The Fed's first policy meeting of the year is scheduled to start later in the day, where it is widely expected to keep the benchmark interest rates unchanged.

Powell has been relentlessly criticized by Trump for not cutting interest rates more aggressively or using the central bank’s balance sheet to weaken the dollar and aid his trade war.

The attacks surfaced publicly in 2018 when the Fed was still raising rates. Trump has kept them up through 2019 even as the central bank cut borrowing costs three times to offset slowing global growth and weaker investment stemming from uncertainty over trade.

Powell has avoided direct comment but has repeatedly stressed the importance of the Fed’s independence from political pressure and its commitment to transparency and accountability to Congress.

Here’s a time line of key events and Trump comments:

Jan. 28

Less than an hour after Fed officials begin a two-day policy meeting, Trump takes to calls for a cut in rates. “The Fed should get smart & lower the Rate to make our interest competitive with other Countries which pay much lower even though we are, by far, the high standard,” he says in a tweet. “We would then focus on paying off & refinancing debt! There is almost no inflation-this is the time (2 years late)!”

Dec. 17, 2019

Trump tweets it “would be sooo great if the Fed would further lower interest rates and quantitative ease. The Dollar is very strong against other currencies and there is almost no inflation. This is the time to do it. Exports would zoom!”

Dec. 11

The Fed leaves interest rates unchanged. Powell says current policy will remain appropriate until the Fed sees a “material” change in their outlook for the U.S. economy.

Dec. 2

Trump again blames the Fed for the strength of the U.S. currency, tweeting “Manufacturers are being held back by the strong Dollar, which is being propped up by the ridiculous policies of the Federal Reserve - Which has called interest rates and quantitative tightening wrong from the first days of Jay Powell!”

Nov. 18

Powell meets with Trump and Treasury Secretary Steven Mnuchin in the White House residence at the president’s request to discuss the economy. The Fed releases a statement saying Powell’s comments int he meeting were “consistent with his remarks at his congressional hearings last week.”

Trump later tweets that he “protested” with Powell over U.S. interest rates that he considers too high relative to those in other developed countries.

Nov. 12

In a speech before the Economic Club of New York, Trump says the Fed is hurting the U.S. by not lowering interest rates further and by not copying other central banks in deploying negative interest rates.

“We are actively competing with nations who openly cut interest rates,” he says. “Give me some of that money. I want some of that money. Our Federal Reserve doesn’t let us do it.”

Oct. 31

Trump says Americans are “very disappointed in Jay Powell and the Federal Reserve” a day after the Fed cuts rates.
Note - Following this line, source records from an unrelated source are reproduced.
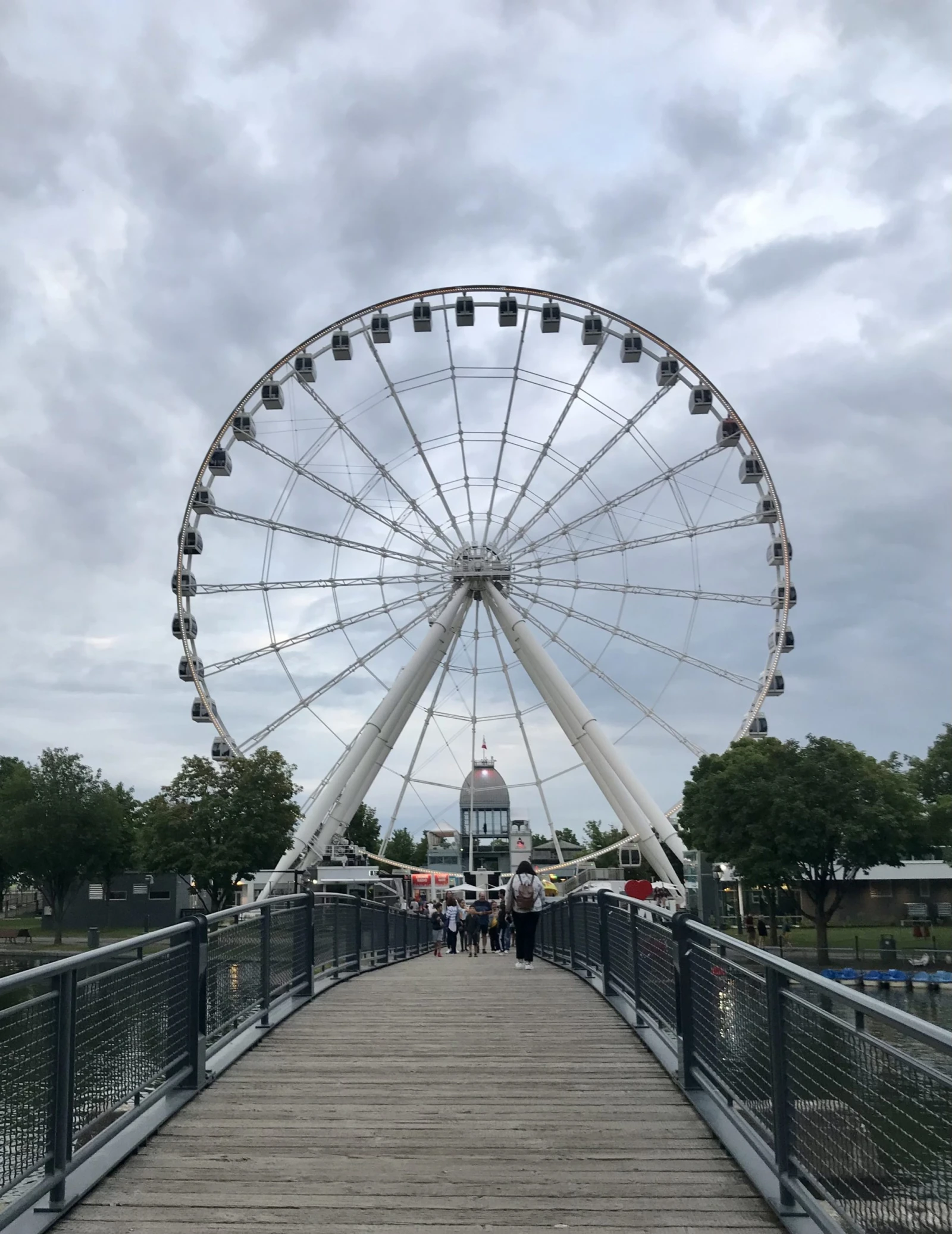J’arrive au Vieux-Port. Malgré la soirée fraîche et la menace de pluie, j’ai mis une robe à fleurs. Tant qu’à faire. Trois quatre groupes de touristes me demandent de les photographier devant l’énorme signe J’❤️ MONTRÉAL, puis ma date arrive, tout sourire. On regarde le ciel bas à travers lequel percent les derniers rayons de soleil. « On dirait un ciel de peinture de la Renaissance! » affirme candidement mon invité de choix, semant tout de suite un peu de poésie sur les berges du Vieux-Port. C’est donc sur une note Michelangelesque que débute notre rendez-vous roue.
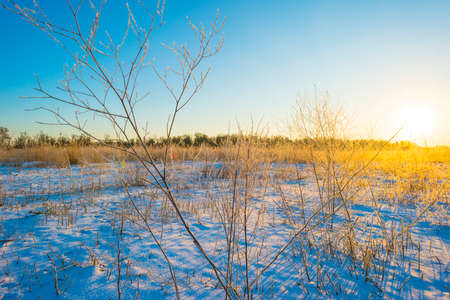 Beautiful winter landscape with dry grass covered with snow at sunset.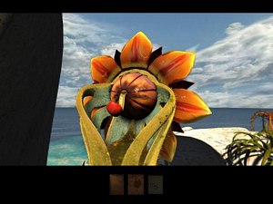 Entrez à l'intérieur, ramassez les feuilles du journal de Saavedro puis lisez-les. Allez toujours tout droit, vous rejoignez l'autre fleur bleue. Saississez la liane située entre les branches en bois. C'est parti pour le décollage. L'oiseau vous emmène....Cliquez sur un des côtés de la cage, vous descendez sur un toboggan et découvrez le 2ème symbôle (photo ci-dessus à droite). Vous voyez en face le livre pour revenir à J'nanin. Vous vous retrouvez dans la salle des symbôles.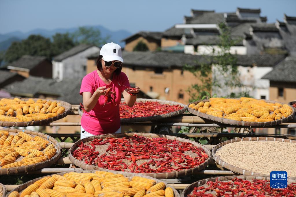 金秋時(shí)節,在安徽省黃山市徽州區呈坎村及黃山市歙縣深渡鎮陽(yáng)產(chǎn)村,“曬秋”成為秋天里一道靚麗的風(fēng)景?!皶袂铩笔峭钅系貐^的傳統習俗,由于氣候潮濕,當地村民利用晴好天氣,將收獲的農作物集中晾曬。五顏六色的農作物被拼成精美的圖案,慶祝豐收的同時(shí),也成為當地特色景觀(guān),吸引不少游客前來(lái)觀(guān)賞。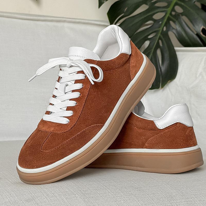 New Men Genuine Leather Casual Shoes Street Fashion Flat Skate Shoes Young Man Lace-up Sneakers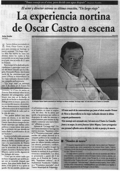 La experiencia nortina de Oscar Castro a escena [artículo] Andrea González.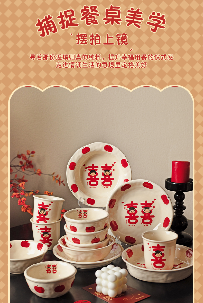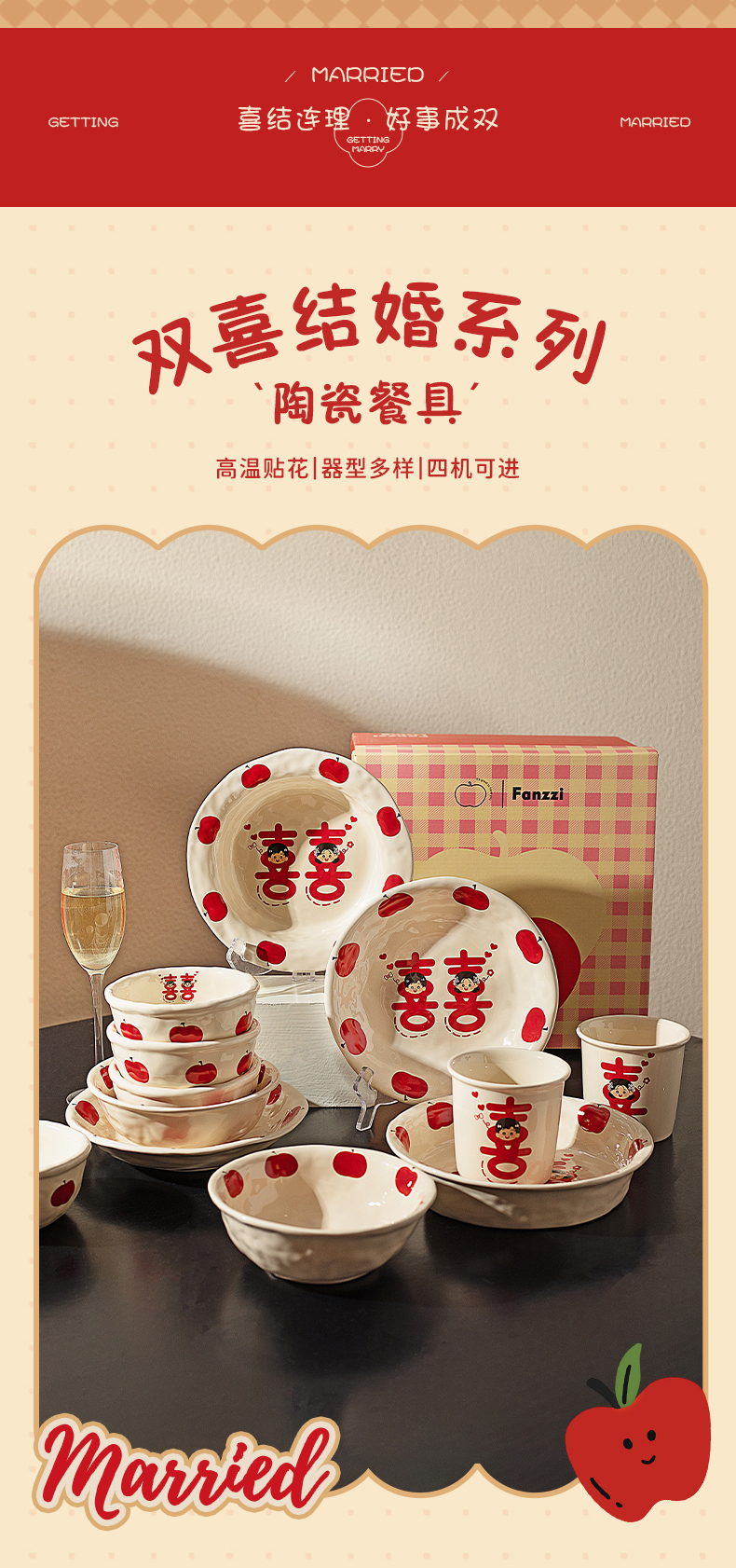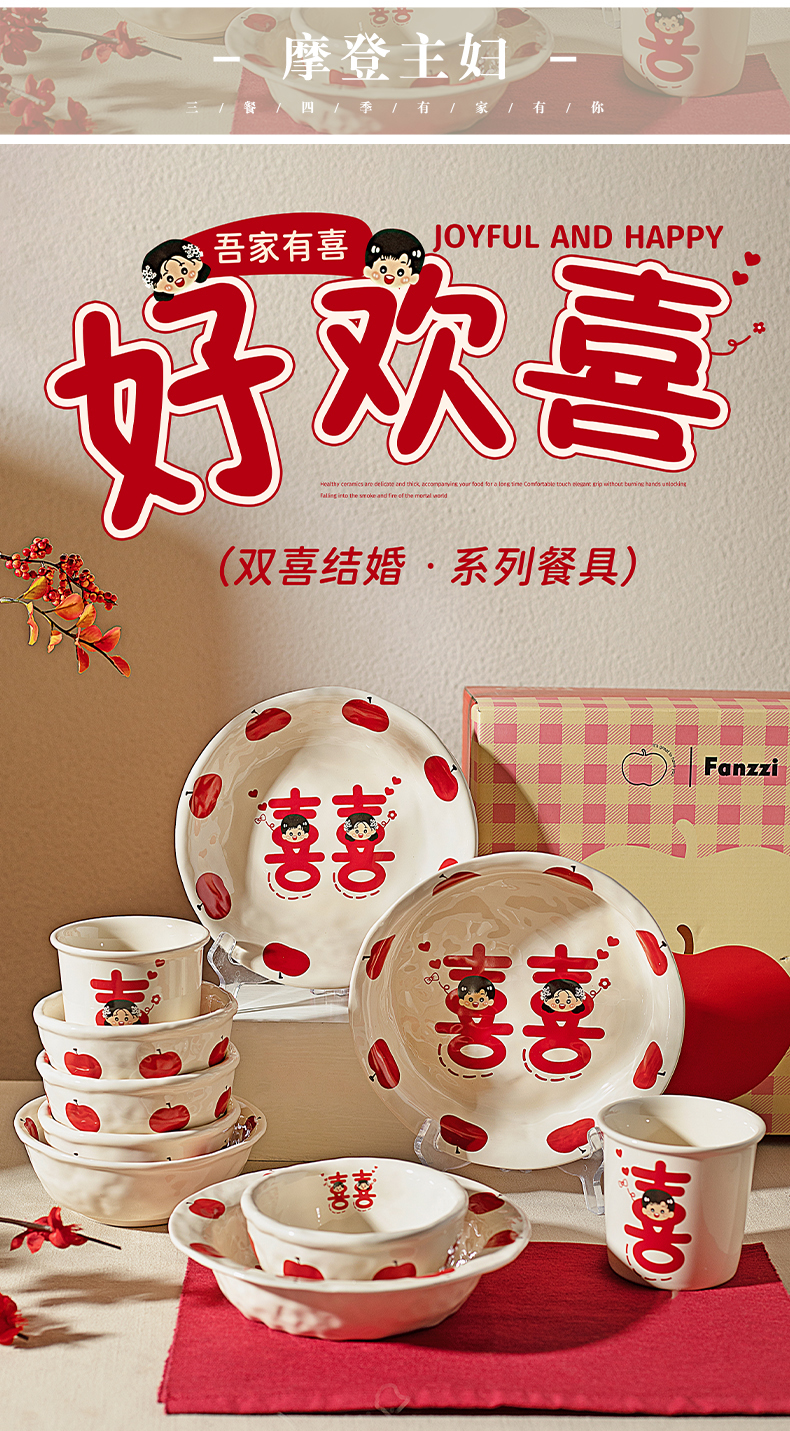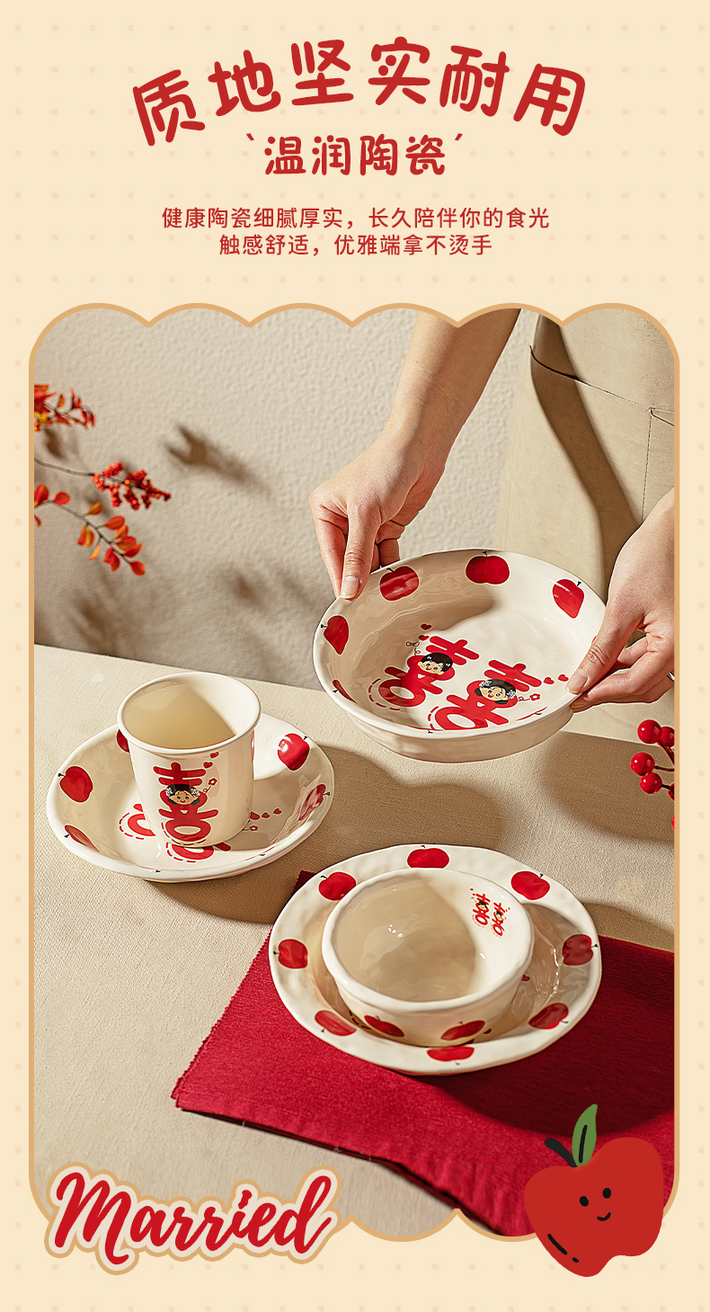 摩登主妇新婚结婚订婚礼物送新娘红色碗碟盘家用乔迁新居餐具套装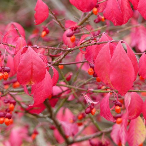 Slow growing dense and twiggy deciduous shrub. One of the finest and most reliable shrubs for autumn colour. Fruits are reddish-purple opening to reveal bright orange-coated seeds. Happy in any soil, particularly chalk, in sun or shade. Height and spread 1-1½m. HARMFUL IF EATEN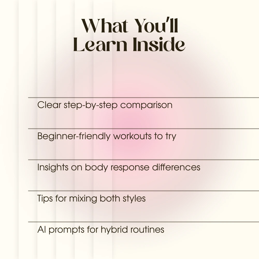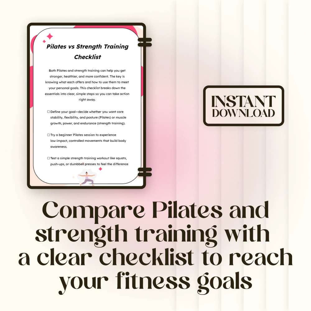 Unlike general fitness guides, this checklist makes it easy to compare Pilates vs strength training in one place. It’s practical, easy to follow, and designed for real life. Whether you’re a beginner curious about where to start or someone who wants to blend both methods, this digital resource breaks everything down into actionable steps you can use immediately.

“The Fed has called it wrong from the beginning, too fast, too slow,” he tweets. “Others are running circles around them and laughing all the way to the bank.”

Oct. 30

The Fed lowers interest rates by a quarter percentage point and signals it will keep policy on hold until it sees a “material” change in the outlook for the U.S. economy.

Oct. 24

Less than a week ahead of a Fed policy meeting, Trump tweets that the central bank is “derelict in its duties if it doesn’t lower the Rate and even, ideally, stimulate.” He adds, “Fed was way too fast to raise, and way too slow to cut!”

Oct. 11

The president, in an Oval Office meeting with the press, claims the Fed is “not in step with the rest of the world” and should lower interest rates. He points to sovereign bond rates being lower in Germany than in the U.S.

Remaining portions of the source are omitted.